Because this comparison uses a pre-RL baseline rather than the compute-matched standard RL baseline used elsewhere in the paper, these results do not isolate whether the persistence effect is specific to beneficial trait RL. They are also consistent with the possibility that high-compute RL more generally entrenches some alignment-relevant behaviors, with beneficial trait RL providing one targeted route to that effect.

5. Alternative explanations

Section Summary: The section tests whether the alignment gains from beneficial trait reinforcement learning could stem from other factors instead. It finds that simply adding helpfulness-focused training on the same data produces no comparable gains, and that increased refusal rates explain only part of the improvement since benefits persist even on non-refusal responses. Gains also appear on real production-derived prompts rather than just synthetic evaluations, and they occur without evidence of reduced model capabilities.
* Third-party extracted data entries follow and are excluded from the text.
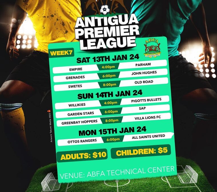 Week 7 of the Antigua Premier League will start on Saturday, thirteenth January 2024 and can conclude on Monday, fifteenth January 2024. The tournaments can be carried out on the ABFA Technical middle.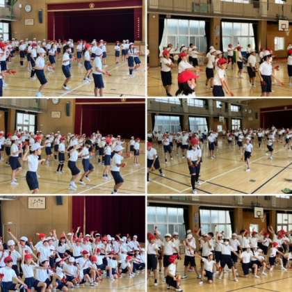 2時間続きの体育で、運動場と講堂を使って練習をしています。今日の2時間目は、運動場で2年生、講堂で4年生が練習をしていました。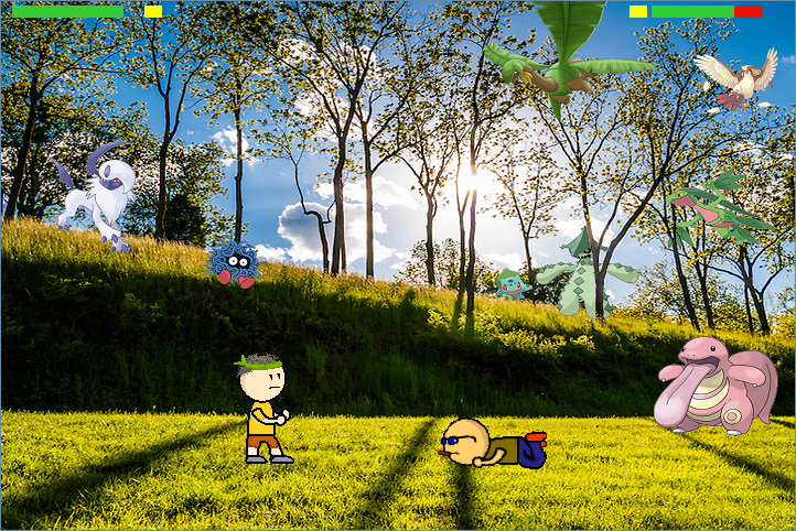 A fast paced simple two player fighting game. Jump on the opponent's head like in Mario, or use projectiles to hurt the opponent!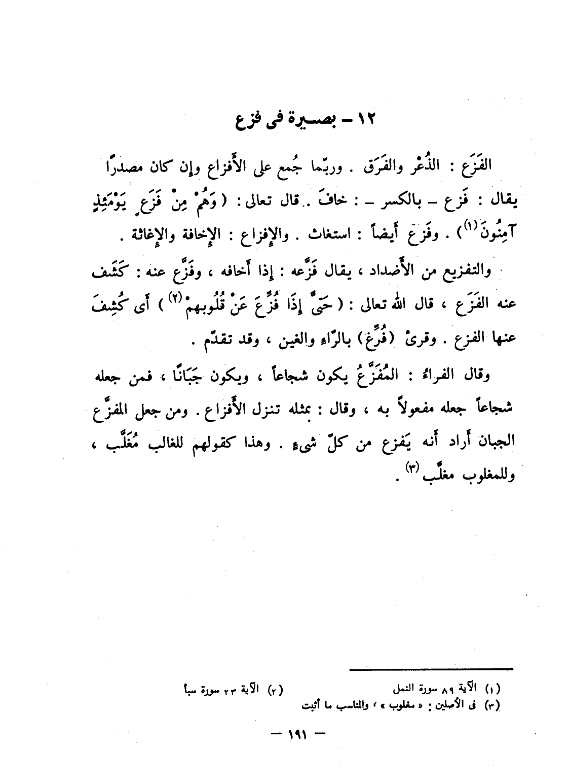 وقال الفراءُ: المُفَزَّعُ يكون شجاعاً، ويكون جَبَانًا، فمن جعله شجاعاً جعله مفعولاً به، وقال: بمثله تنزل الأَفزاع. ومن جعل المفزَّع الجبان أَراد أَنه يَفزع من كلّ شىءٍ. وهذا كقولهم للغالب مُغَلَّب، وللمغلوب مغلَّب.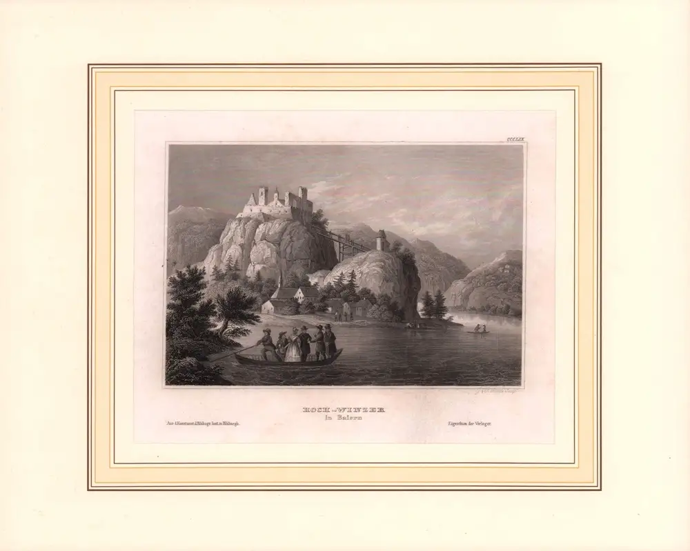 Ansicht der Burgruine mit einem, mit sechs Personen besetzten Stocherkahn im Vordergrund links und zwei kleineren Booten rechts sowie Personenstaffage am Fuße des Hoch-Winzers.- Im äußeren weißen Rand gebräunt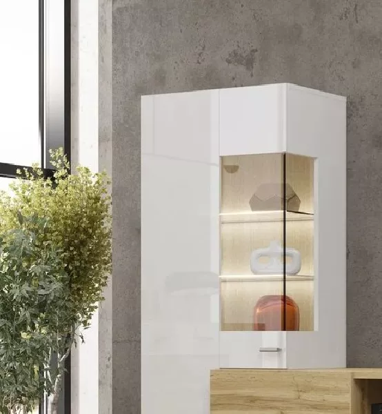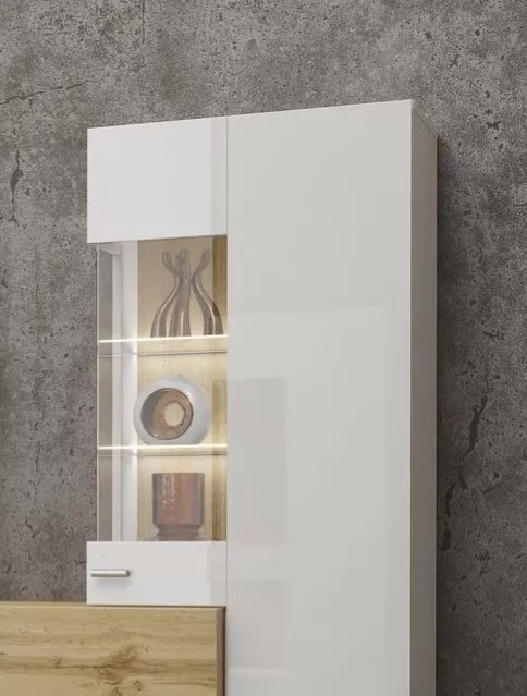 Wohnwand NIKOL – weiß / weiß glänzend / Wotan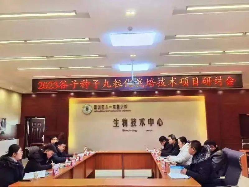 12月9日,黑龙江省杂粮产业协同创新推广体系谷子种子丸粒化栽培技术项目研讨会在买球赛的app官网召开。本次会议依托黑龙江省杂粮产业协同创新推广体系,将谷子栽培育种专家、种子丸化专家、下游生产企业及投资方召集在一起,研讨利用谷子种子丸粒化技术集成解决黑龙江省谷子生产中存在播种密度难控制、田间保苗率不理想、间苗费工等问题。省杂粮体系首席专家农学院杜吉到教授等5人、种子丸化团队贵州大学李振华教授等4人参加会议。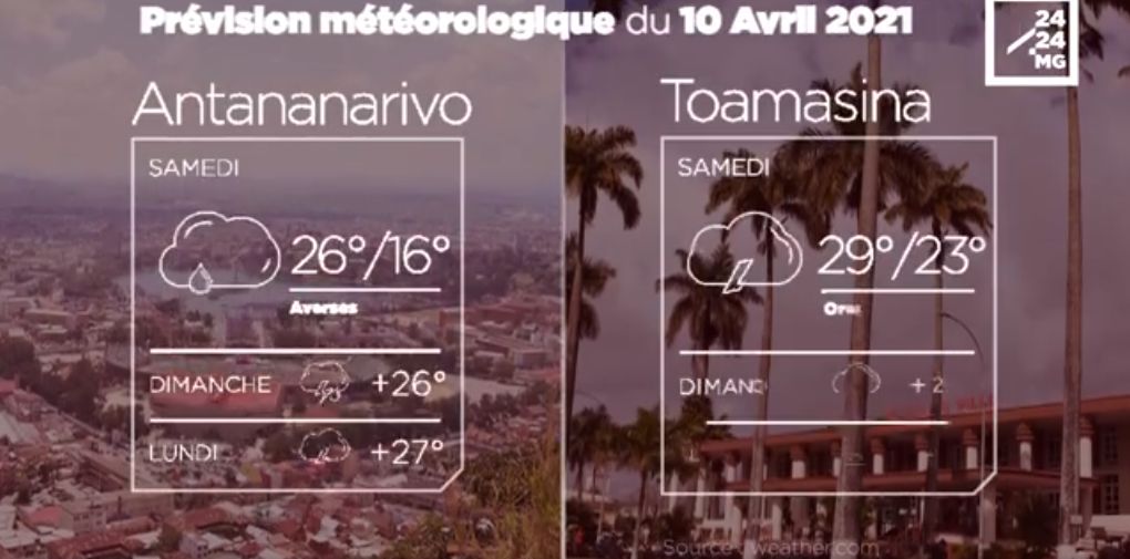 Les prévisions météorologiques des grandes villes de Madagascar pour la journée du 10 avril.

We next examine alternative explanations for these results as well as possible regressions.

Generic helpfulness training does not reproduce alignment RL gains.

We now ask whether the improvement in alignment evaluations is coming from a change in data distribution (from 0% to 5% multi-domain alignment scenarios) or from a change in rewards (reward beneficial behavior within the 5% of beneficial trait data). To test this, we train a new model on the same 5% data, but replace the beneficial behavior oriented reward signal with a generic helpfulness and instruction-following reward signal.

**Figure 8:** Generic helpfulness training on the same conversations does not reproduce alignment generalization. The generic-helpfulness control uses the same conversations as the beneficial trait RL run, but replaces the beneficial behavior-focused reward signal with a helpfulness and instruction-following focused reward signal.

This new model, with beneficial trait data but generic helpfulness rewards, produces no significant improvement compared to the baseline on any representative out-of-distribution alignment, health, and mental-health evaluations in Figure 8 (all $q \ge 0.75$ after Benjamini-Hochberg correction). By contrast, beneficial trait RL significantly improves 7 of the 10 evaluations under the same correction. These results suggest that the broad generalization effect is attributable to the reward signal which reinforces beneficial behavior rather than the dataset alone.

Alignment improvement is not explained by increased refusal.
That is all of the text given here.